Sejarah Singkat
Posted by Unknown on September 27, 2017 with No comments
Hakekat Masjid
Secara etimologis, masjid diambil dari kata dasar sujud yang berarti ta’at, patuh, tunduk dengan penuh rasa hormat dan takzim[1].Mengingat
akar katanya bermakna tunduk dan patuh, maka hakikat masjid itu adalah
tempat melakukan segala aktivitas (tidak hanya shalat) sebagai
manifestasi dari ketaatan kepada Allahsemata[2].
Sedangkan secara terminologis, dalam hukum Islam (fiqh), sujud itu
berarti adalah meletakan dahi berikut ujung hidung (tulang T), kedua
telapak tangan, kedua lutut dan kedua ujung jari kaki ke tanah, yang
merupakan salah satu rukun shalat. Sujud dalam pengertian ini merupakan
bentuk lahiriyah yang paling nyata dari makna-makna etimologis di atas.
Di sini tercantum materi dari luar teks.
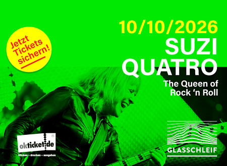 Am 10. Oktober 2026 ist ein besonderer Gast zu Besuch in Marktredwitz: die US-amerikanische Sängerin Suzi Quatro bringt ihr besonderes Flair der Rockkultur in die GLASSCHLEIF, Bauerstraße 3. Suzi Quatro ist seit den 1970er Jahren leidenschaftliche Musikerin und gehörte zu ihrer Zeit zu den erfolgreichsten Rockmusikerinnen. 1973 durfte sie ihren großen Solo-Durchbruch ...

Itulah sebabnya, tempat khusus penyelenggaraan shalat disebut dengan
masjid.
Dari pengertian sujud secara terminologis di atas, maka masjid dapat
didefinisikan sebagai ”suatu bangunan, gedung atau suatu lingkungan yang
memiliki batas yang jelas (benteng/pagar) yang didirikan secara khusus
sebagai tempat beribadah umat Islam kepada Allah SWT, khususnya untuk
menunaikan shalat[3].
catatan kaki:
- Sementara itu kata “sujud” yang dipergunakan dalam Al-Qur’an mengandungbeberapa pengertian. Pertama berarti sebagai penghormatan dan pengakuankeunggulan pihak lain, seperti sujudnya malaikat kepada Adam a. S. (Q. S. Al-Baqarah, 2 : 34). Kedua berarti sebagai kesadaran (insyaf) atas kesalahan yang diperbuat dan pengakuan terhadap pihak lain, seperti sujudnya para ahli sihir Fir’aun (Q. S. Thaha,20 : 70). Ketiga, berarti mengikuti atau menyesuaikan diri dengan ketetapan Allah yang berkaitan dengan taqdir-taqdir-Nya yang berlaku pada alam semesta, seperti sujudnya bintang dan pepohonan (Q. S. Ar-Rahman, 55 : 6).
- Sebagaimana ditegaskan Allah dalam Q. S. Al-Jin, 72 : 18 dan Hadits Rasulullah SAW. Yang artinya : ”Telah dijadikan untukku, bumi sebagai masjid dan sarana penyucian diri”.
- Mengingat, sudah ada pengertian terminologis, maka pengertian etimologis masjid diatas, bias juga dikatakan masjid dalam pengertian umum yang tidak memiliki arti secara hukum dan juga tidak diberlakukan hukum masjid kecuali hanya sah shalat di atasnya.